The Qatar Investment Authority and the commercial property firm Brookfield are considering walking away from their attempted takeover of the Canary Wharf owner Songbird, after the developer estimated its value at £2.8bn.
This is 30% higher than the £2.18bn bid from QIA and Brookfield that Songbird rejected in early November.
Songbird said on Friday that it had held talks with the pair since then, but had not received a further proposal from them.
Pointing to booming property markets, Songbird said an independent valuation had estimated its net asset value at 381p a share, up 19% since the end of June. This compares with the tentative offer of 295p a share made by QIA and Brookfield.
QIA, the sovereign wealth fund of the energy-rich state, already owns nearly 29% of Songbird. The two bidders were widely expected to return with a higher offer, but are now thought to be considering pulling out.
Under takeover panel rules they have until 5pm next Thursday to put up a firm offer or walk away for six months.
Experts have suggested that Songbird is worth up to 400p a share. Analysts at Lazarus said: “An offer should start with a four and not a two.”

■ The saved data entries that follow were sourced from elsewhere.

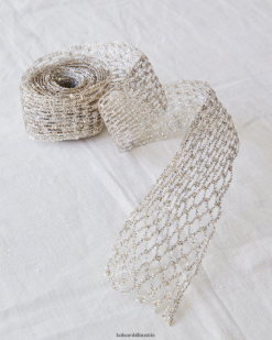 - 10yds x 2,5”x Platin-Stretch-Netzband
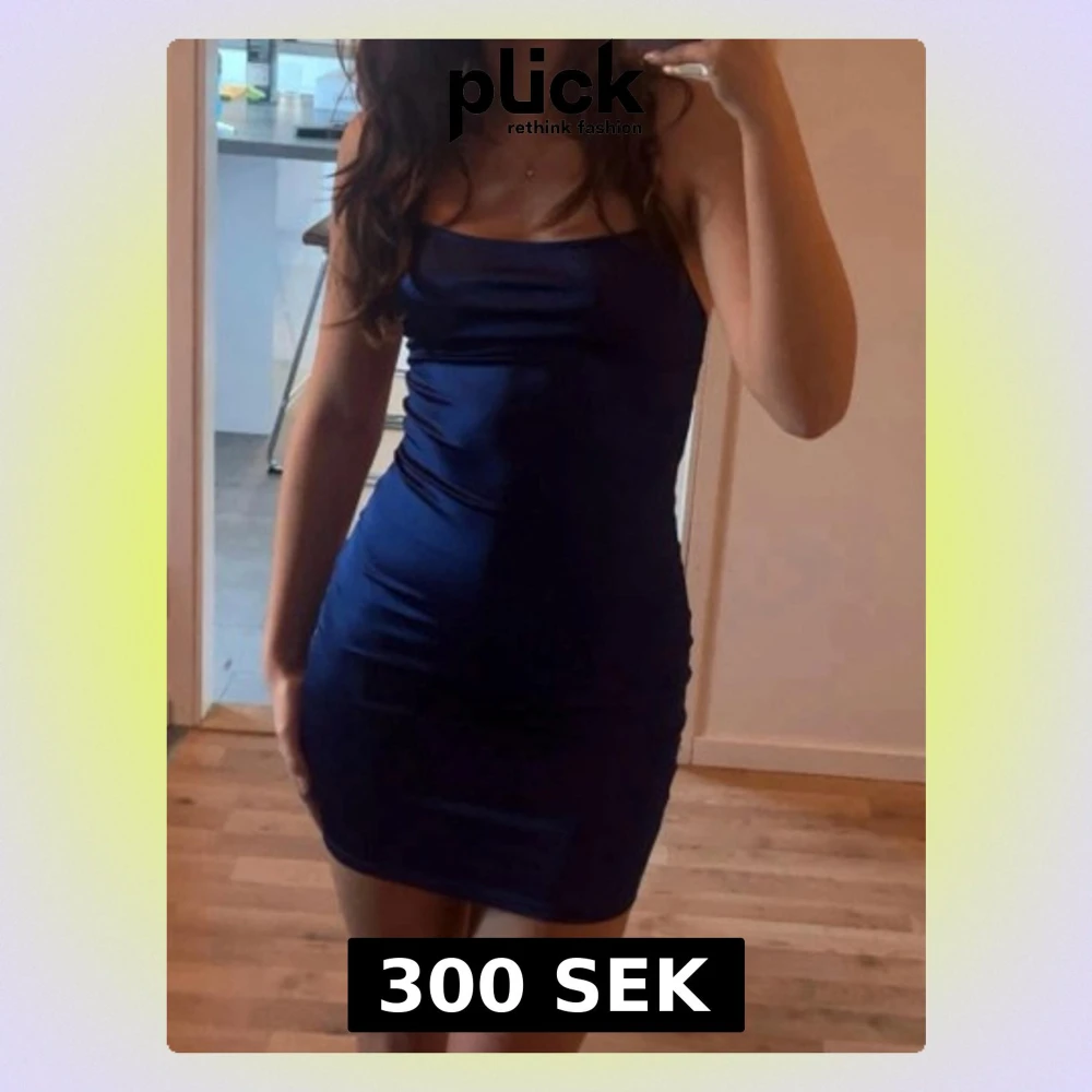 Snygg marinblå kort klänning från H&M Divided med smala axelband som korsas i ryggen. Klänningen har en figurnära passform och är tillverkad i ett glansigt material som ger en lyxig känsla. Materialet är däremot stretchigt och klänningen passar perfekt till olika festligheter🥰
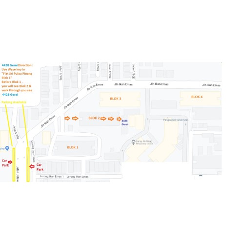 Use Waze key in "Flat Sri Pulau Pinang Blok 1" , you will see Blok 2 anad walk through you see 4428 Gerai.
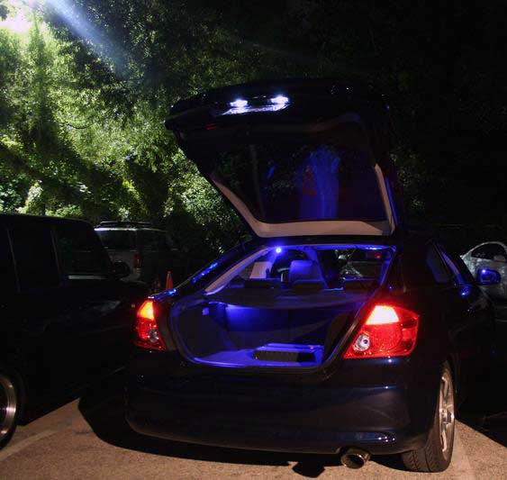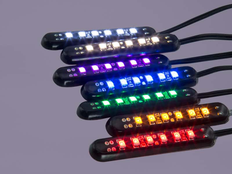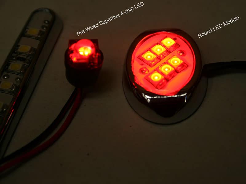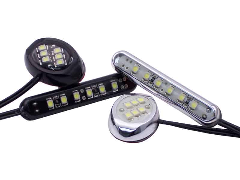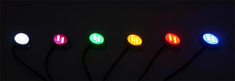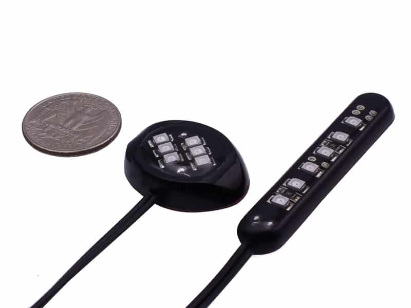 Like an LED puck light, they are perfect around the house or in the car. These tiny wonders are fully waterproof, can be mounted with the included 3M adhesive, and easily hook up to any 12 volt power source.
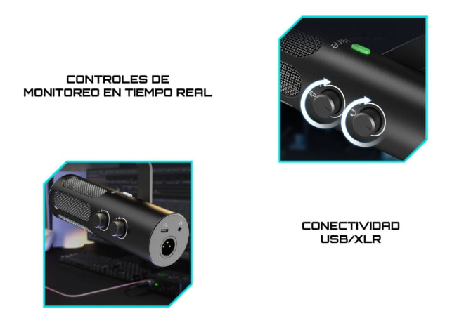 Conexión de salida: USB tipo C (extremo del micrófono) a tipo A 2.0 (extremo de la computadora)

Songbird, the majority owner of Canary Wharf Group, is expanding its Docklands estate and also owns stakes in the “walkie talkie” skyscraper in the City and the Shell Centre on the South Bank, which it co-owns with another part of the Qatari investment empire.
QIA declined to comment. The fund’s UK assets include Harrods, the Shard, and stakes in Sainsbury’s, Barclays and Heathrow airport. Speaking earlier this year, QIA’s chief executive, Ahmad al-Sayed, indicated that Qatar is committed to London and the UK. “We are a global fund, a long-term investor – even if there is volatility it would only be temporary.”